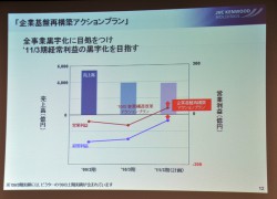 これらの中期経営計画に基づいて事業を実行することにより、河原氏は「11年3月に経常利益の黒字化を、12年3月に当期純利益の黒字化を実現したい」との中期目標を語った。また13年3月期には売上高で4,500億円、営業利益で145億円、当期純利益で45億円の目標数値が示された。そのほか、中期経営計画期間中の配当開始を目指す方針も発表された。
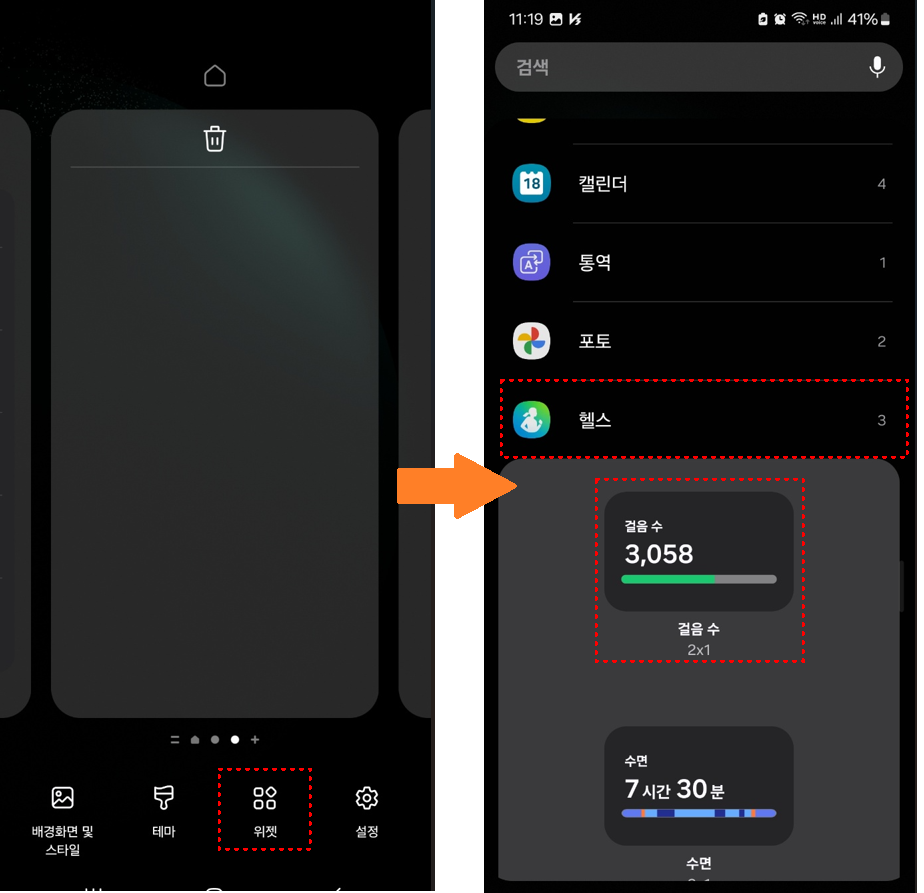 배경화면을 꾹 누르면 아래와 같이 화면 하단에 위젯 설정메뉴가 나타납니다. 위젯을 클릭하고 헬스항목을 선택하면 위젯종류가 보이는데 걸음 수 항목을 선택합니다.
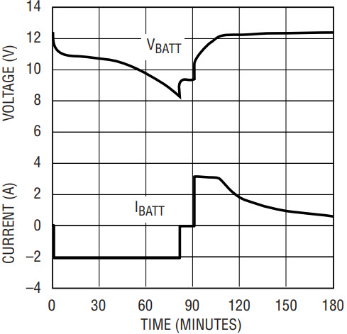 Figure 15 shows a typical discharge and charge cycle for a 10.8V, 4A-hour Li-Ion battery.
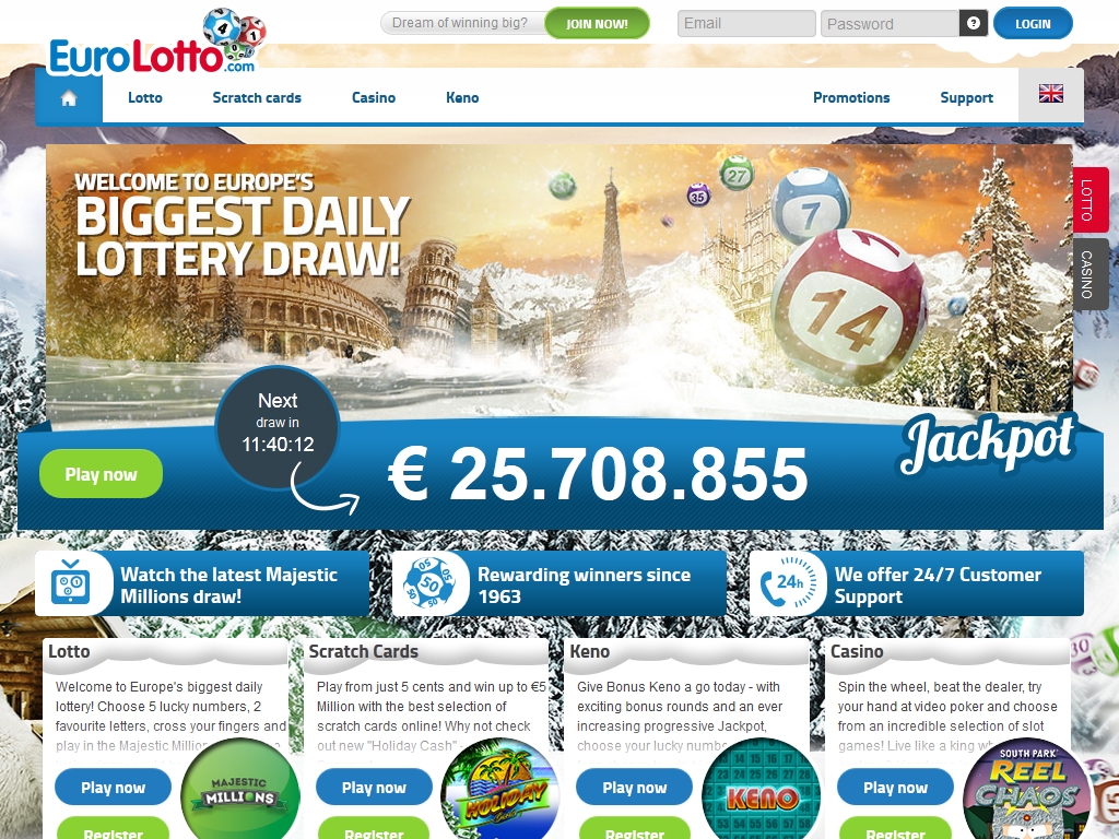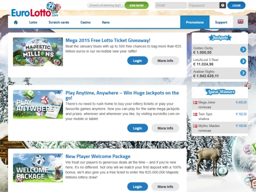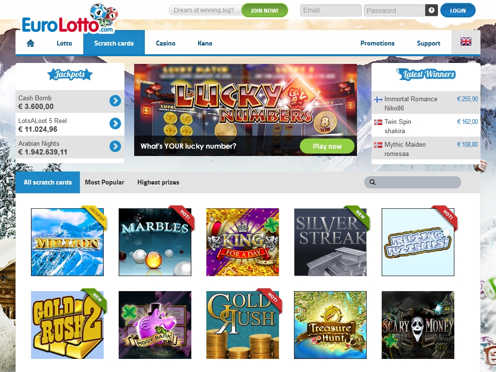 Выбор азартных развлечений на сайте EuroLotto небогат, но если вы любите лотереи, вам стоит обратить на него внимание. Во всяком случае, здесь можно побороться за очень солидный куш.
____
● Problem statement
Going from the line holding "Figure 15 shows" to the last line of the data above, reproduce every line exactly, both included, with the pictures omitted.

● Answer area
 Figure 15 shows a typical discharge and charge cycle for a 10.8V, 4A-hour Li-Ion battery.
 Выбор азартных развлечений на сайте EuroLotto небогат, но если вы любите лотереи, вам стоит обратить на него внимание. Во всяком случае, здесь можно побороться за очень солидный куш.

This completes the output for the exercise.